Which you would expect.. power transfer is a peak at matched resistance, and
zero with either a short or infinite resistance... Has to be nonlinear
>
> When the secondary VA is greater than the primary VA, it just means that
> there is reactive power circulating in circuit formed by the secondary
> leakage inductance, resistance, and the external capacitor. In fact,
it's
> a good indication of resonant rise in the secondary, since that would
> nicely explain it.
>
> 0.01 uF at 60 Hz would be about +j265K ohms...
> 7.5kV open circuit with 30 mA short circuit output current would imply
that
> the leakage inductance has a reactance of about -j250K... (neglecting the
> iron and copper losses, which are probably around 5-10%)
>
>
> So, the 0.01 uF case is pretty darn close to resonant. What was the
> voltage across the capacitor in this case?
>
> -------------------
> Unfortunately, I did not have a variable uf capacitor to look for
resonance
> around .0106 uf. There was no voltage rise at .008 uf and the sec voltage
> was 5700 volts. There was also no voltage rise at .011 uf and the sec
> voltage was 6200 volts. If there is a voltage rise between .008 and .011
I
> would expect that the tuning would be very sharp.
Given the high resistance (secondary winding resistance, if nothing else), I
don't know that the Q is all that high. Ballparking it, I'd expect that the
resistance of the secondary is such that the loss in normal operation (i.e.
lots of current, low voltage) is around 5% of rated power.
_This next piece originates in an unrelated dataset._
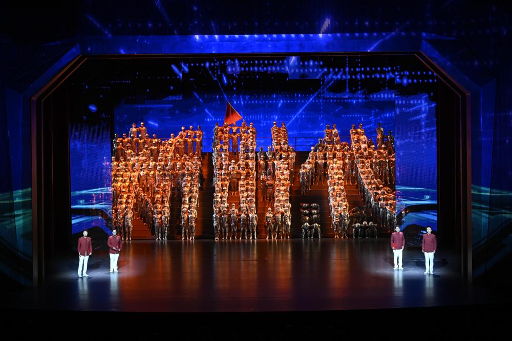 演出共3個(gè)篇章,展現(xiàn)新疆社會(huì)主義建設(shè)的火熱場(chǎng)景,表現(xiàn)改革開放給新疆帶來的蓬勃生機(jī),描繪新疆各族兒女同心筑夢(mèng)新時(shí)代的美好圖景。
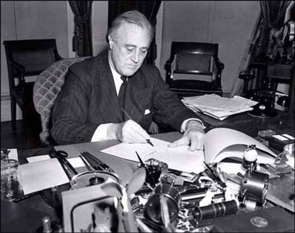 As far as FDR’s social policies, they too differed from his New Deal days. FDR would instill a censorship of the media, the likes of which included not displaying the events of Pearl Harbor. He believed that the photographs of the Pearl Harbor attack, and of the photos of the fallen soldiers in both theaters of war. Along with this, FDR established a law that all post that was sent from the soldiers to their loved ones back home be edited. FDR understood that espionage was a part of warfare, in editing the troops’ letters, he would protect the soldiers’ locations, objectives and other military interests.

For a 7.5/30
(275VA) something on the order of 10W? At 30 mA, that's (R= P/I^2) around
11kOhm.. The reactance is (as calculated before) around 265K, so the Q( =
X/R) is going to be around 20. 5% might be optimistic.. 10% losses would
equate to a Q around 10.. To get a change in voltage of .707 (= 3dB) would
imply a change in C of around 20%...(say, from .01 to .012)
Perhaps Terry will make some current phase measurements (hint, hint) and
you'll see resonance clearly, as the phase flips through zero.